■ **What needs to be done**:
This task calls for the lines below starting at the one containing "Figura 1. Fósiles" and ending at the one containing "PARIS.—PRESIDENCIA DEL BANQUETE", repeated exactly with both ends kept and pictures left out.

------ Records shown ------

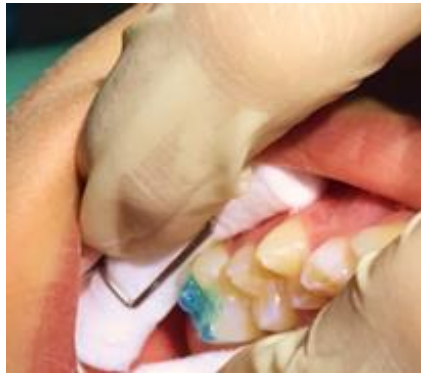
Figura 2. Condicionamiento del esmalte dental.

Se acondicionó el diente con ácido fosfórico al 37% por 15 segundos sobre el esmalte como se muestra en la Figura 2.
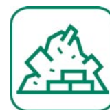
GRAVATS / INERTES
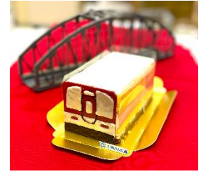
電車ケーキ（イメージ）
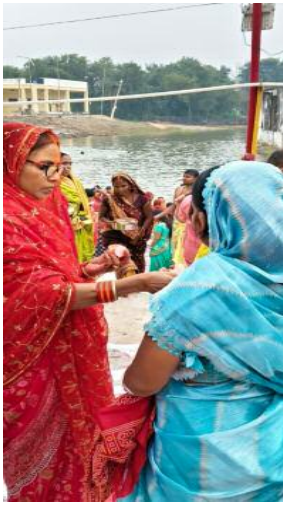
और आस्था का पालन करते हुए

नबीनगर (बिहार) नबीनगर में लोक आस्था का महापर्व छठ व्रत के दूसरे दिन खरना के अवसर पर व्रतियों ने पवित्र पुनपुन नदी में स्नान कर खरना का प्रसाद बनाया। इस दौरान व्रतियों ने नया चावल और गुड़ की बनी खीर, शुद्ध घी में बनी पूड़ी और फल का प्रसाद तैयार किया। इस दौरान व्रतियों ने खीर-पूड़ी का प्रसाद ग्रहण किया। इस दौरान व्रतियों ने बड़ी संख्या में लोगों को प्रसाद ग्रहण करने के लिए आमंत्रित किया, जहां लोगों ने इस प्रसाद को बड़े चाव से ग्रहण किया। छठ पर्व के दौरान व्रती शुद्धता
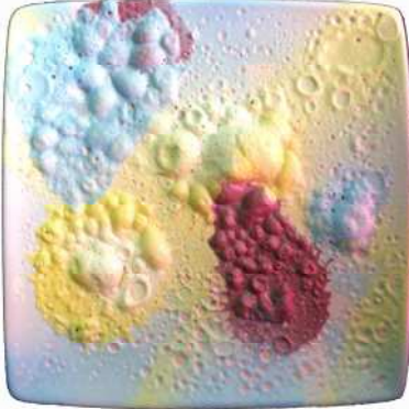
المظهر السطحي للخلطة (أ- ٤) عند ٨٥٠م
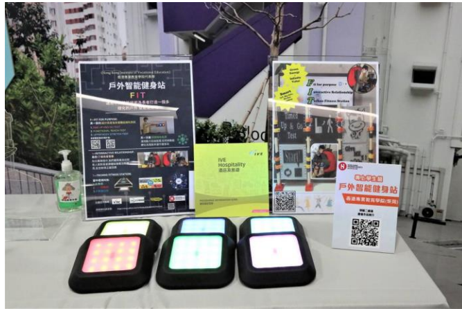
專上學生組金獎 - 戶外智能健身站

------
------ Records shown ------

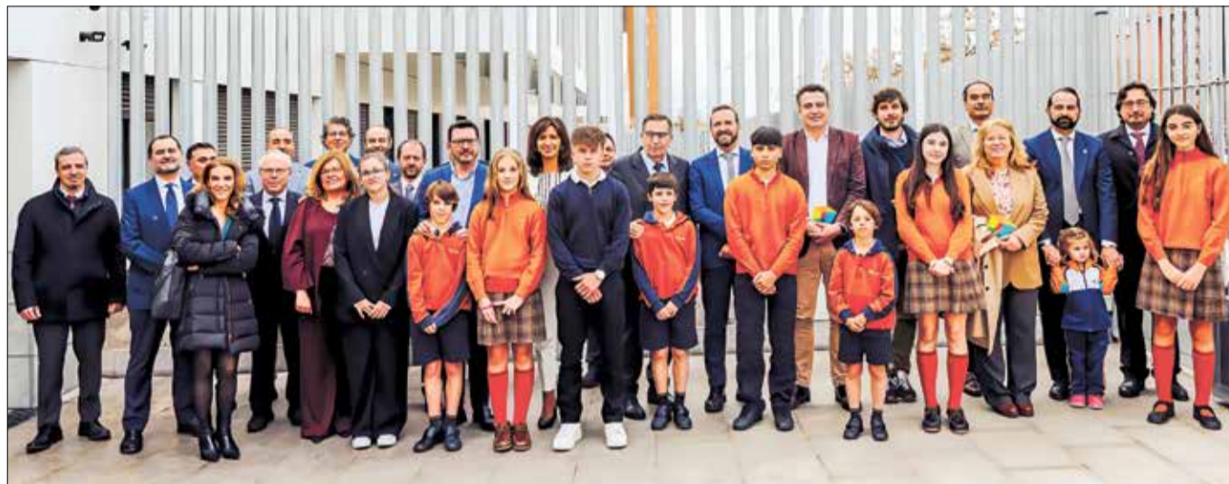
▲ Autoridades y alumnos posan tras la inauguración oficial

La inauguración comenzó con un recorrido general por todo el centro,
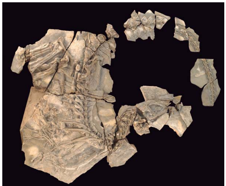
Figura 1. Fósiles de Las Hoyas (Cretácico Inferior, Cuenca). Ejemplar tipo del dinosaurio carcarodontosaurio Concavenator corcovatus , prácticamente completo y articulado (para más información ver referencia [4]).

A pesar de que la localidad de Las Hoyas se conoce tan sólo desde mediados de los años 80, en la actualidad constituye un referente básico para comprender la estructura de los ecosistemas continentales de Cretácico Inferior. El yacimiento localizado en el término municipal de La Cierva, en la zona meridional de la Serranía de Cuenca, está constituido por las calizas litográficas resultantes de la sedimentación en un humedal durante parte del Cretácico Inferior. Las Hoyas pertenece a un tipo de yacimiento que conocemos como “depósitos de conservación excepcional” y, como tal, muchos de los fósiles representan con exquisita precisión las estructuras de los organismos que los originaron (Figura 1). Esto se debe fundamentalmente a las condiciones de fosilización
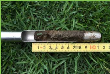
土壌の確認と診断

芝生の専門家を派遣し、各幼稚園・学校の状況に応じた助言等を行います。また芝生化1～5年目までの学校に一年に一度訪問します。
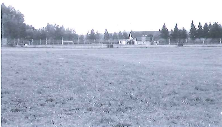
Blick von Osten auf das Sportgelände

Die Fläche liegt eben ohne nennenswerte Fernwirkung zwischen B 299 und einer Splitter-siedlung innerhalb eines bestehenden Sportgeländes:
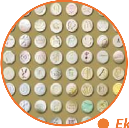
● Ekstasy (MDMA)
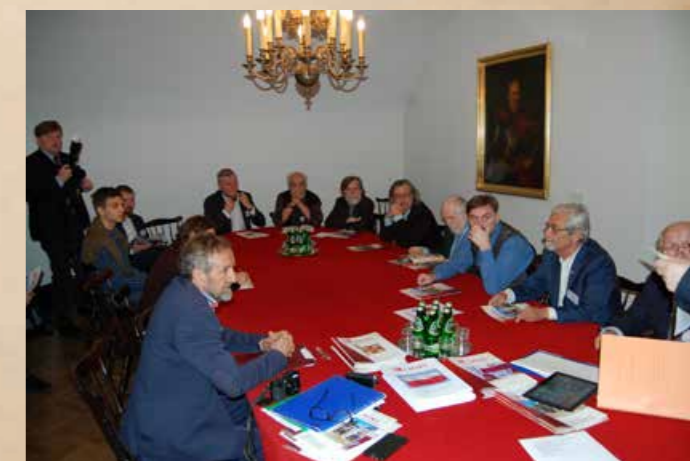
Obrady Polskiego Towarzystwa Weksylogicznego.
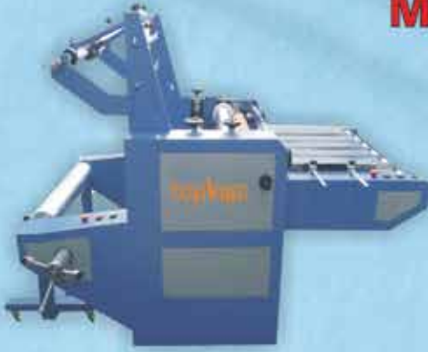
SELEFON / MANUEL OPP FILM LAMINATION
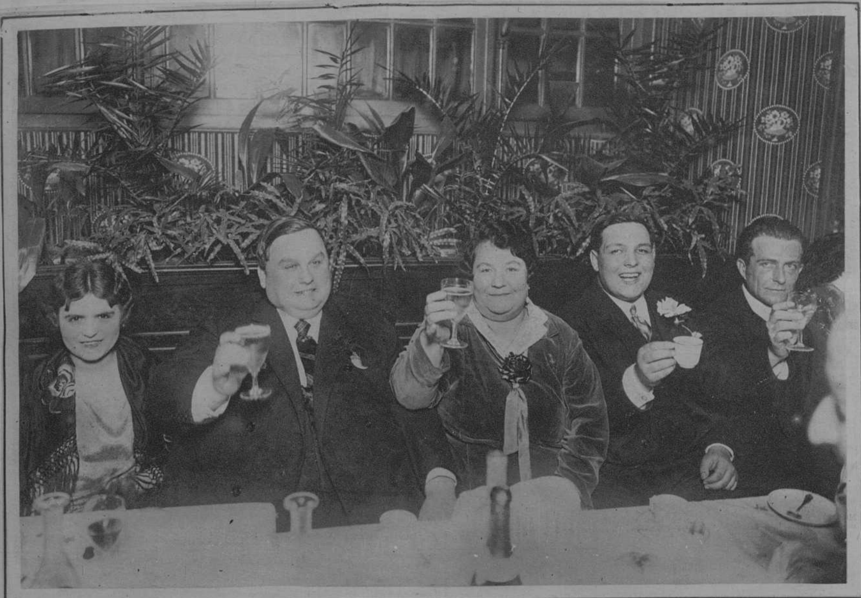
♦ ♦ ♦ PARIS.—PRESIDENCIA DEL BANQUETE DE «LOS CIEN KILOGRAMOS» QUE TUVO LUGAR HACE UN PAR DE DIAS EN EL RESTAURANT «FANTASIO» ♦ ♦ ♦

------

■ **Answer for the task**:
Figura 1. Fósiles de Las Hoyas (Cretácico Inferior, Cuenca). Ejemplar tipo del dinosaurio carcarodontosaurio Concavenator corcovatus , prácticamente completo y articulado (para más información ver referencia [4]).

A pesar de que la localidad de Las Hoyas se conoce tan sólo desde mediados de los años 80, en la actualidad constituye un referente básico para comprender la estructura de los ecosistemas continentales de Cretácico Inferior. El yacimiento localizado en el término municipal de La Cierva, en la zona meridional de la Serranía de Cuenca, está constituido por las calizas litográficas resultantes de la sedimentación en un humedal durante parte del Cretácico Inferior. Las Hoyas pertenece a un tipo de yacimiento que conocemos como “depósitos de conservación excepcional” y, como tal, muchos de los fósiles representan con exquisita precisión las estructuras de los organismos que los originaron (Figura 1). Esto se debe fundamentalmente a las condiciones de fosilización
土壌の確認と診断

芝生の専門家を派遣し、各幼稚園・学校の状況に応じた助言等を行います。また芝生化1～5年目までの学校に一年に一度訪問します。
Blick von Osten auf das Sportgelände

Die Fläche liegt eben ohne nennenswerte Fernwirkung zwischen B 299 und einer Splitter-siedlung innerhalb eines bestehenden Sportgeländes:
● Ekstasy (MDMA)
Obrady Polskiego Towarzystwa Weksylogicznego.
SELEFON / MANUEL OPP FILM LAMINATION
♦ ♦ ♦ PARIS.—PRESIDENCIA DEL BANQUETE DE «LOS CIEN KILOGRAMOS» QUE TUVO LUGAR HACE UN PAR DE DIAS EN EL RESTAURANT «FANTASIO» ♦ ♦ ♦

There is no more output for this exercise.